Fig. 8. Static experimental results via Deep CDI. (a) The image of the small intestine section (top right) taken by a conventional microscope with a $\times 40$ objective lens. (b1, c1, d1) Reconstructed amplitude images by the Deep CDI in the corresponding position in a. (b2, c2, d2) Reconstructed phase images by the Deep CDI in the corresponding position in a. (d3, d4) The amplitude and phase images are reconstructed by off-axis holography for validating. (e) The MSE loss curves of the three static experimental data during the training process.

Download Full Size | PDF

To reconstruct the complex field, each diffraction pattern is input separately into a Deep CDI network with the same hyperparameter. Figures 8(b)-(d) show the Deep CDI reconstruction results of the intestine section after 10,000 epochs.
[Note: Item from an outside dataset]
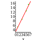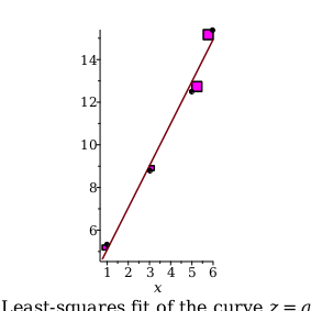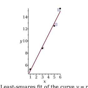 Choose a and b so that the line y=a x+b minimizes S=k=1na xk+byk2, the sum of squares of the deviations from the points 1,5.3,3,8.8,5,12.5,6,15.4 to the line. Such a line is called the "least-squares" line.

And the recorded diffraction patterns of corresponding position are shown in Supplement 1, Fig. S2. The MSE curves during the training process are plotted in Fig. 8(e), which share a similar trend with our numerical results. One can see from the curves that all the MSE values are converged to $1.0\times {10}^{-4}$ after about 10,000 epochs. Off-axis reconstruction results at (d1) position are shown in Figs. 8(d3) and (d4). The overall reconstruction results are in good agreement between the two methods. The experiment results demonstrate that Deep CDI can reconstruct the complex field through only one intensity measurement without any labeled data, which is essential to deep learning for practice applications as the data limits are eliminated.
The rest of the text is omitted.